2025-09-01 : September
2025-12-01 : December
2026-06-01 : June
2027-02-01 : February
2027-03-01 : March
2027-11-01 : November
2028-05-01 : May
2029-01-01 : January
2029-10-01 : October
This is by no means an exhaustive list of what is available.
Documentation is available here: https://dateutil.readthedocs.org/en/latest/
Note: This answer shows how to achieve this using only the datetime and calendar standard library (stdlib) modules - which is what was explicitly asked for. The accepted answer shows how to better achieve this with one of the many dedicated non-stdlib libraries. If you can use non-stdlib libraries, by all means do so for these kinds of date/time manipulations!
How about this?
def add_one_month(orig_date):
# advance year and month by one month
new_year = orig_date.year
new_month = orig_date.month + 1
# note: in datetime.date, months go from 1 to 12
if new_month > 12:
new_year += 1
new_month -= 12
new_day = orig_date.day
# while day is out of range for month, reduce by one
while True:
try:
new_date = datetime.date(new_year, new_month, new_day)
except ValueError as e:
new_day -= 1
else:
break
return new_date
EDIT:
Improved version which:
keeps the time information if given a datetime.datetime object
doesn't use try/catch, instead using calendar.monthrange from the calendar module in the stdlib:
import datetime
import calendar
def add_one_month(orig_date):
# advance year and month by one month
new_year = orig_date.year
new_month = orig_date.month + 1
# note: in datetime.date, months go from 1 to 12
if new_month > 12:
new_year += 1
new_month -= 12
last_day_of_month = calendar.monthrange(new_year, new_month)[1]
new_day = min(orig_date.day, last_day_of_month)
return orig_date.replace(year=new_year, month=new_month, day=new_day)
Question: Is there a simple way to do this in the current release of Python?
Answer: There is no simple (direct) way to do this in the current release of Python.
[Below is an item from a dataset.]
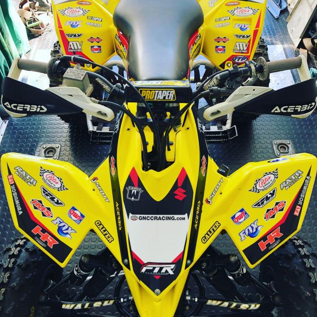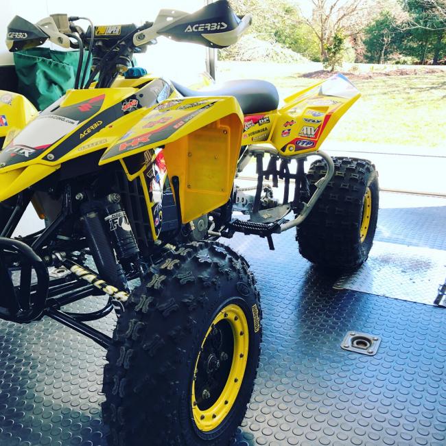 - Aftermarket: Walsh XC1 a-arms, Fox float evol front, Fox podium piggyback reservoir, DWT beadlocks all around, ITP tires quadcross rear, GNCC front, RPM brake hub, Dominator 2 axle, ProTaper sprockets front & rear, DID chain, DP brakes pads, Moose parking brake block-off, full chassis & swingarm skids (not pictured), Z400 rear hubs, Blingstar heel guards, IMS foot pegs, Rath XC bumper, Houser grab bar, Yoshimura rs-5 exhaust (fresh packing by yosh), Yoshimura cherry bomb, Yoshimura start button, CV4 hoses, RMZ250 radiator shrouds, Twin Air filter, ProTaper bars & grips, Acerbis handguards, MotionPro twist throttle (have a OEM thumb throttle if desired), Quadtech beak.

Reference: Please refer to docs.python.org/2/library/datetime.html, section 8.1.2. timedelta Objects. As we may understand from that, we cannot increment month directly since it is not a uniform time unit.
Plus: If you want first day -> first day and last day -> last day mapping you should handle that separately for different months.
>>> now
datetime.datetime(2016, 1, 28, 18, 26, 12, 980861)
>>> later = now.replace(month=now.month+1)
>>> later
datetime.datetime(2016, 2, 28, 18, 26, 12, 980861)
EDIT: Fails on
y = datetime.date(2016, 1, 31); y.replace(month=2) results in ValueError: day is out of range for month
Ther is no simple way to do it, but you can use your own function like answered below.